One of the hallmarks of Mitt Romney’s presidential campaign has been the long trail of less-than-enthusiastic endorsements he’s received from important (mostly social conservative) leaders. Rick Santorum said Romney was “the better” candidate and, when pressed on whether it was an endorsement, countered, “If that’s what you want to call it, you can call it whatever you want.” Anti-tax activist Grover Norquist endorsed Romney by noting that conservatives didn’t need a hero; just “a Republican with enough working digits to handle a pen.” Former President George W. Bush offered his blessing just before getting on an elevator. But this open letter, posted by Evangelical powerbroker and homeschool advocate Michael Farris on his Facebook page, has to win some sort of prize for least-enthusiastic endorsement.
Farris, founder of Virginia’s Patrick Henry College (billed as the “Evangelical Ivy”) threw his support to Santorum during the Republican primary, but met with Romney at the candidate’s request on his campaign bus last month. He wasn’t bullish on Romney going in. As he told CNN in April, “Some of us just have a hard time supporting a person who said he was going to be more liberal on gay rights than Ted Kennedy.”
He’s had a change of heart now. Sort of. “This election has caused me to understand that there is a difference between ‘endorsing’ a candidate and voting for a candidate,” Farris writes. “Because of my leadership position, I have come to understand that there should be a very high standard that I should employ before I endorse a candidate.” Mitt Romney doesn’t reach that standard.
On only one issue (out of five) does Farris conclude that Romney is “one of us”—he’s a good family man. Otherwise, it’s a litany of not-quites and could-be-worse.
On abortion: “Mitt Romney has a checkered past on the issue. He claims that he has been converted to the pro-life position. I don’t feel convinced that he has fully converted.

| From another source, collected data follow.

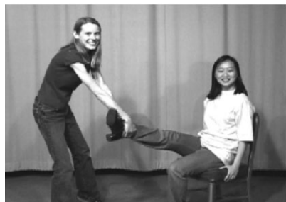
Experimental condition: Where's blicking? Control condition: What's going on?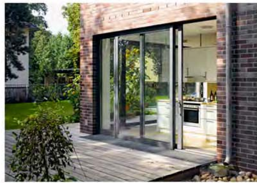
3m wide x 2.5m high lift slide door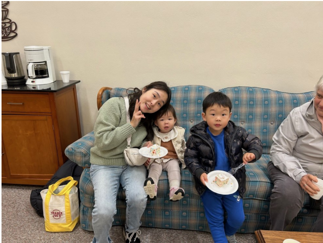
Enjoying the Cake

However, it is clear that he is talking pro-life talk and taking pro-life positions. I think he does this, at least in part, because he realizes that being perceived as pro-life is necessary for his political success…at a minimum, I think we can count on him to keep up this pragmatic approach until November of 2016.”
On marriage: “He now says that he is against same-sex marriage. But his rhetoric and record is so mixed on homosexual rights issues that it is hard to know what to expect.”

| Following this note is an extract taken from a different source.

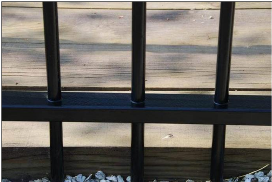
METAL RAILING REFERENCE PHOTO

Galvanised and black powder coated steel railing with square posts and tubular semi pale-through rail construction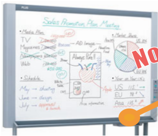
M Series copyboard (The image above is the M-10S.)

No PC necessary. Store information as-is on CF card.

On the role of government: “Mitt Romney will spend way too much money and will promote programs at the federal level that properly belong to the states. But, unlike Barack Obama he does not believe in the redistribution of wealth as a moral imperative… He is indifferent to small government conservative views on spending, but he is not an enemy of private property that is inherent in those who believe in the redistribution of wealth.”

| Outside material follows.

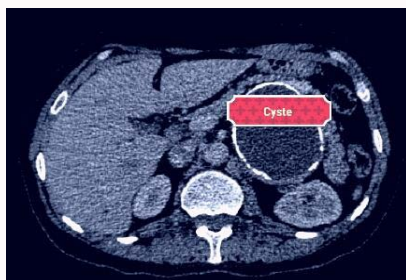
Figure 2: CT shows the adrenal cyste.

the cysts. Most adrenal hydatid cysts are incidentally detected at sonography or computed tomography [8]. Hypertension is an uncommon presentation and may result from external compression of the renal parenchyma, a state known as Page kidney [9]. In our review, 20 patients suffered from pain (74.07%), six patients from hypertension (22.22%), and four patients found incidentally (14.8%).

When I caught up with Farris at his Purcellville, Virginia office on Wednesday he emphasized that his essay was not an endorsement. He wasn’t encouraging conservatives to volunteer for Romney, or even vote for him; it’s entirely up to them. This matters because Farris isn’t just a advocate for the legal rights of homeschoolers—he’s the founder of Generation Joshua, an activist organization that sends homeschoolers to swing states in the final weeks before big elections to knock on doors and make phone calls for likeminded politicians. In previous years, those kids (about 2,000 of them) have chipped in for GOP presidential candidates like George W. Bush. But this time around, Farris says, they’ll be focusing solely on House and Senate races. “We’ve previously done it for presidential campaigns, but frankly we haven’t been asked.”
Still, even if the love isn’t there for Romney, he’s confident homeschoolers will have enough of an incentive to get out the vote: “The difference this time,” Farris says, “is that the fear of a Barack Obama second term is greater than anything I’ve ever seen.”